= List of World of Darkness video games =

Video games in the World of Darkness series

Series logo

World of Darkness is a series of tabletop role-playing games by White Wolf Publishing, and the name of their shared setting. Several of the tabletop games – primarily Vampire: The Masquerade – have been adapted into video games by different developers, covering genres including role-playing games, action games, and adventure games. Critical reception of the games has varied, (Note: See Metacritic: Vampire: The Masquerade – Redemption, Hunter: The Reckoning – Redeemer, Vampire: The Masquerade – Bloodlines, and Hunter: The Reckoning.) with Vampire: The Masquerade – Bloodlines standing out, being described by video game publications as a cult classic (Note: See USgamer, GamesRadar+, and Polygon.) and a "flawed masterpiece". (Note: See Rock, Paper, Shotgun, PC World, and Escapist Magazine.)
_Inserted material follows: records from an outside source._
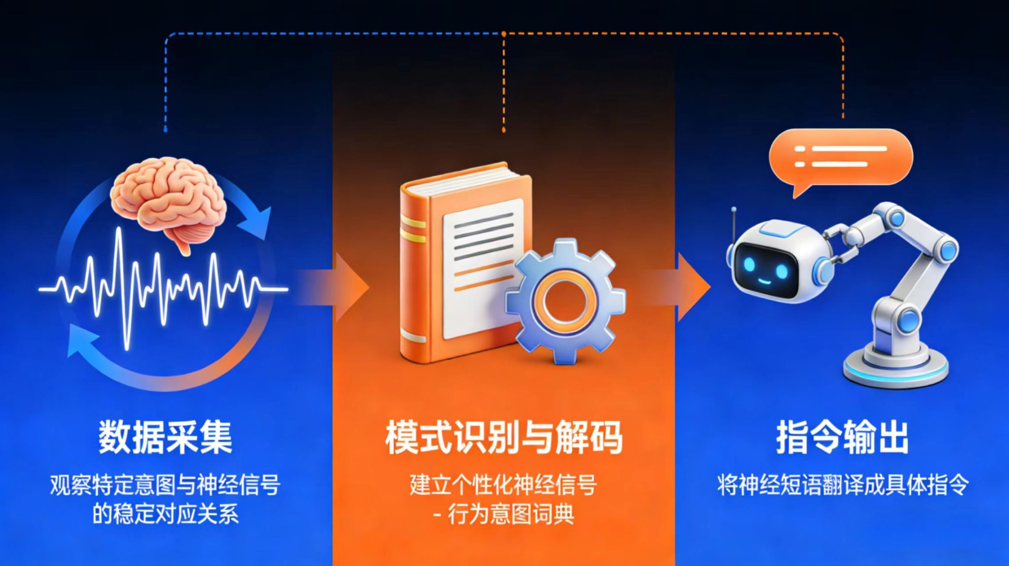 3.指令输出(执行):当用户再次产生相同意图时,系统能迅速识别出对应的“神经短语”,并将其翻译成“向左移动光标”或“驱动机械臂抬起”等具体指令。
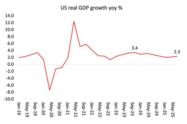 이제 이러한 주장들을 하나씩 살펴볼 필요가 있다. 2025년 3분기 미국의 실질 국내총생산(GDP) 성장률은 연율 기준 4.4%로 집계됐는데이는 지난 2년 사이 가장 높은 연율 성장률이며 시장 예상치를 크게 웃도는 수치였다겉보기에는 이 4%가 넘는 성장률이 대단해 보인다그러나 문제는 세부 내용에 있다첫째이는 연율 기준 수치다즉 분기 대비 성장률은 약 1.1%에 불과하며이를 네 배로 환산해 연율 수치를 만든 것이다둘째전년 동기 대비 기준으로 보면(2025년 3분기와 2024년 3분기 비교), 실질 GDP 성장률은 2.3%에 그쳤다이는 2분기의 2.1%에서 소폭 상승한 수준에 불과하다.
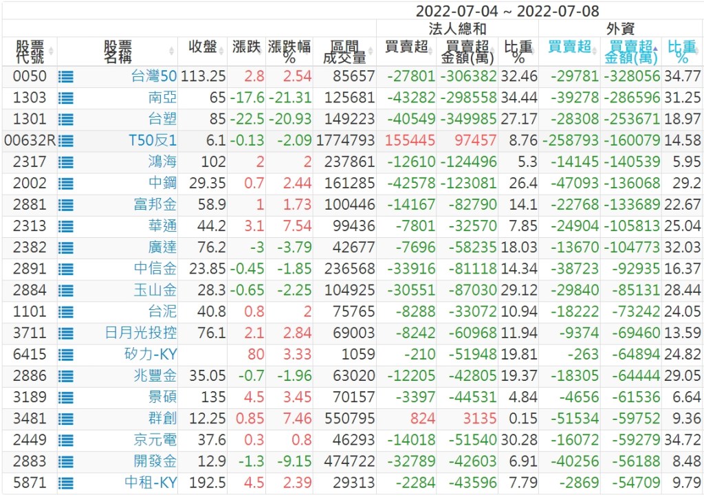【上市外資賣超個股】(以金額排行,單位:萬)
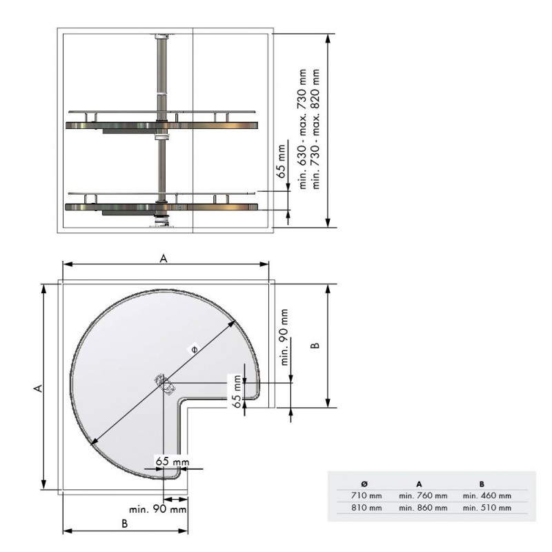 Módulo extraível da gama Compact na cor antracite com bandejas giratórias de 270º, projetado para móveis de canto de cozinha. Dispõe de dupla altura de bandejas para um aproveitamento ótimo do espaço. Cada bandeja gira de maneira independente.
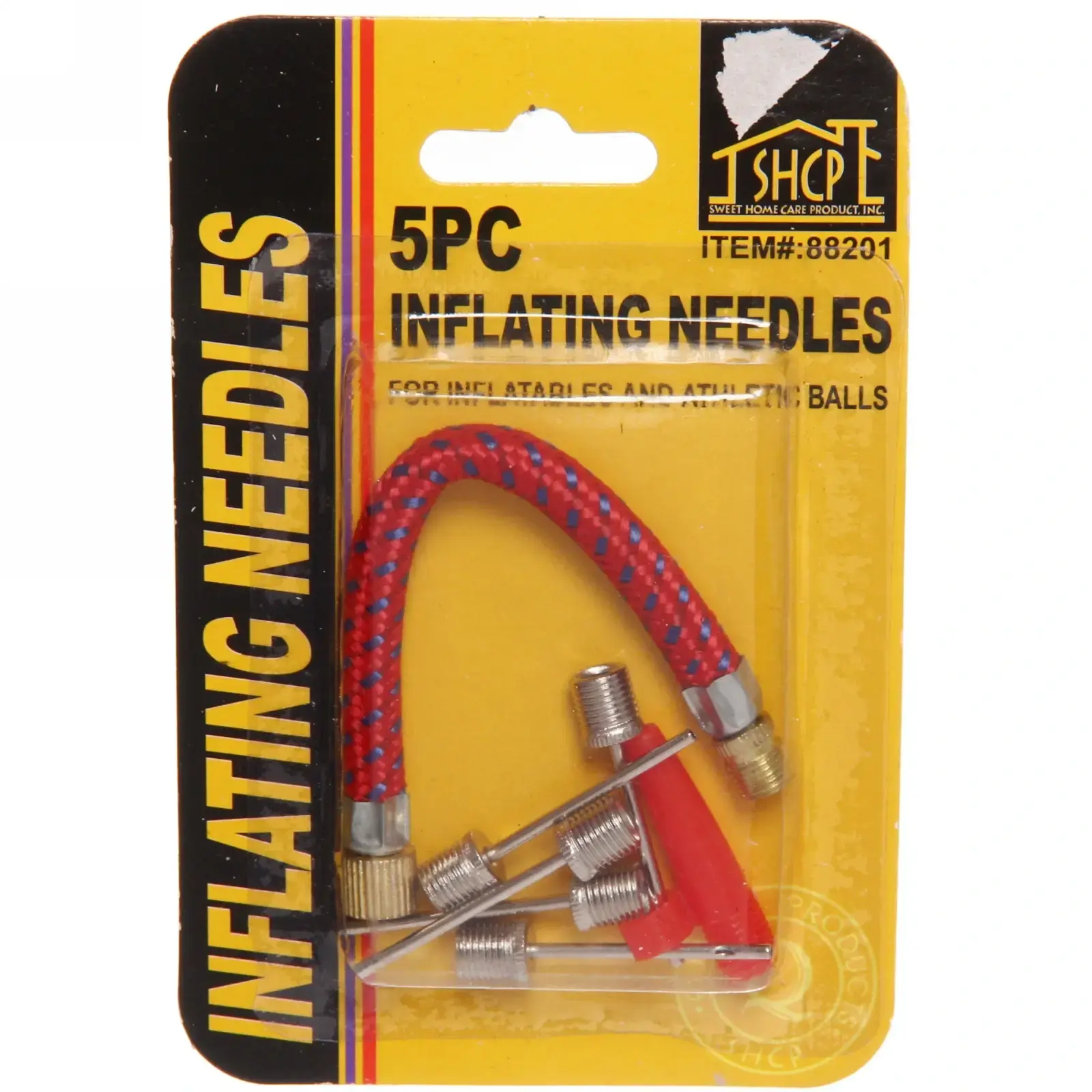 Каждая игла имеет цилиндрическую форму и выполнена из прочного металла, что обеспечивает надежность и долговечность. Шланг, входящий в комплект, имеет изогнутую форму и удобен в использовании. Набор упакован в яркую желтую упаковку, что делает его легко заметным и удобным для хранения.

Video game adaptations of the series began in the 1990s with unreleased Werewolf: The Apocalypse and Mage: The Ascension games; the first World of Darkness video game to be released was Vampire: The Masquerade – Redemption in 2000, which was followed by three Hunter: The Reckoning games in 2002–2003, and Bloodlines in 2004. During the next decade, another Werewolf project and the online game World of Darkness were started and canceled, but no further video games in the series were released until 2017's World of Darkness Preludes. Since then, several video games have been developed, based on Werewolf, Wraith: The Oblivion, Hunter, and Vampire, including Bloodlines 2.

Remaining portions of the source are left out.